Edge case: Gradient accumulation

Question

Edge case: Gradient accumulation

d-kleine opened this issue 5 months ago · 3 comments

About ch06/02_bonus_additional-experiments/additional-experiments.py, I was wondering about this experiment:
Row 13: python additional-experiments.py --no_padding --batch_size 1 --accumulation_steps 8

As this uses gradient accumulation with accumulation_steps=8, shouldn't in train_classifier_simple() the model weights be updated and gradients reset via

if (batch_idx + 1) % accumulation_steps == 0 or (batch_idx + 1) == len(train_loader):
    optimizer.step()  # Update model weights using loss gradients
    optimizer.zero_grad()  # Reset loss gradients from previous batch iteration

to ensure that the optimizer steps are performed correctly after the specified number of accumulation steps?

In contrast, using

if batch_idx % accumulation_steps == 0:
...

would incorrectly trigger an optimizer step on the very first batch (batch_idx == 0).
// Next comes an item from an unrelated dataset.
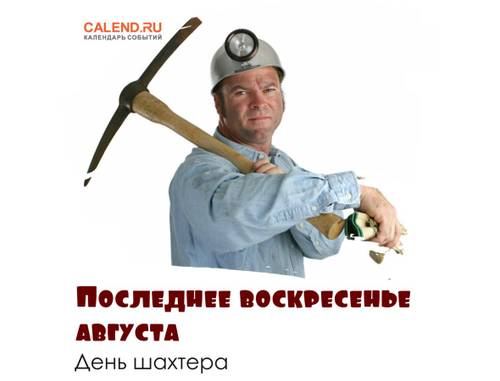 День шахтера отмечают в России и бывших советских республиках в последнее воскресенье августа. Кстати, время для праздника выбрано не случайно: в ночь с 30 на 31 августа 1935 года (это воскресенье) шахтер Алексей Стаханов установил рекорд, добыв 102 тонны угля при норме в 7 тонн.

It would also fail to handle the last batch correctly if the number of batches is not divisible by accumulation_steps. Or am I wrong?

Answer 1 · 2024-08-05T15:40:08.000Z

Source: https://kozodoi.me/blog/20210219/gradient-accumulation

Answer 2 · 2024-08-05T23:20:17.000Z

That's a great observation. Yes, my implementation was a bit lazy there wrt to the first and last batch.

Answer 3 · 2024-08-06T01:00:53.000Z

Alright, thanks! 🙂